Но я успевал. Всегда успевал вскочить на подножку уходящего поезда, в самый последний момент брал высоту, отбрасывая в сторону паралич неуверенности. И главной опорой преодоления оказывалась конкретная творческая задача.
Роли, стихи, дневники, наивные пробы праздного сочинительства – они никогда не предавали меня. Не уходили, как друзья и надежды. Спасали в унынии. Бога не могли заменить, но пытались. До встречи с Ним было еще далеко. А пока я еще спотыкался в потемках. Ломился в закрытую дверь, хотя открытая была рядом.
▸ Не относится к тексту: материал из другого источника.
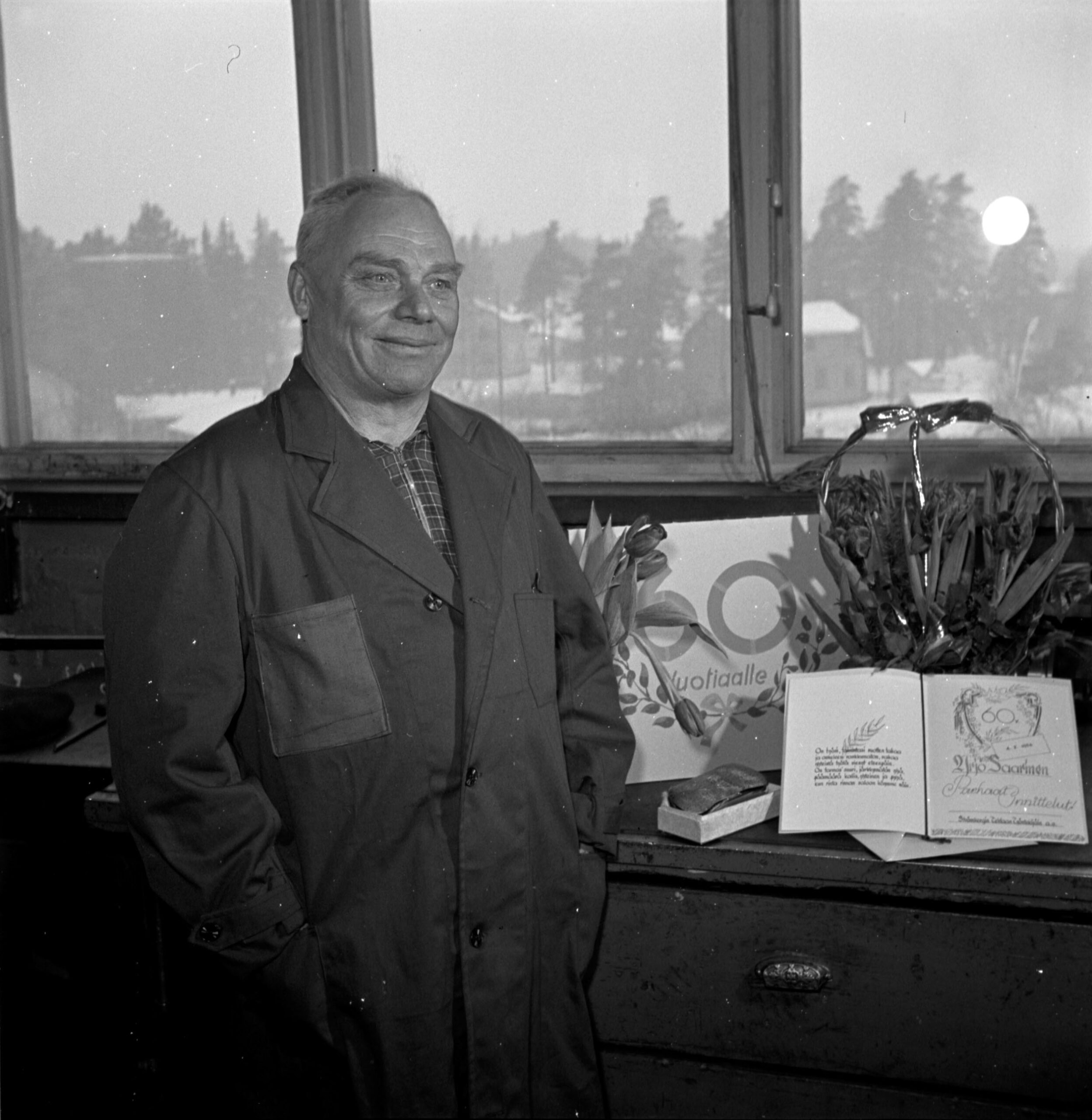 Kuva: Työmies ja onnittelukortit (1954). P.O. Jansson / Tekniikan museo, A ABB Strömberg –kokoelma

Стоило только сделать к ней шаг и войти… Ведь даже в буквальном смысле частенько прибегали мы маленькими пацанами через улицу на церковный двор, давили на кнопку входного звонка и, спрятавшись за углом, с восторгом наблюдали недоумение открывающего дверь священника, как он оглядывался, не понимая, кто это позвонил. А это я, я звонил и тоже не понимал, куда стучался в слепом восторге безотчетной шалости. Не понимал, зачем лезу на дерево посреди железнодорожных путей смотреть, как мчатся уходящие поезда. Куда я лезу? Куда они убегают, перебивая гудками церковный звон? И уже взрослым, женившись, привожу свою Таню к храму Святого Трифона Великомученика, и мы вместе лезем на это же дерево, чтобы увидеть те поезда, уходящие прочь из нашего детства. И мы любим. Мы счастливы. Мы думаем, что нашли то, что искали. Искали в дружбе, искали в любви.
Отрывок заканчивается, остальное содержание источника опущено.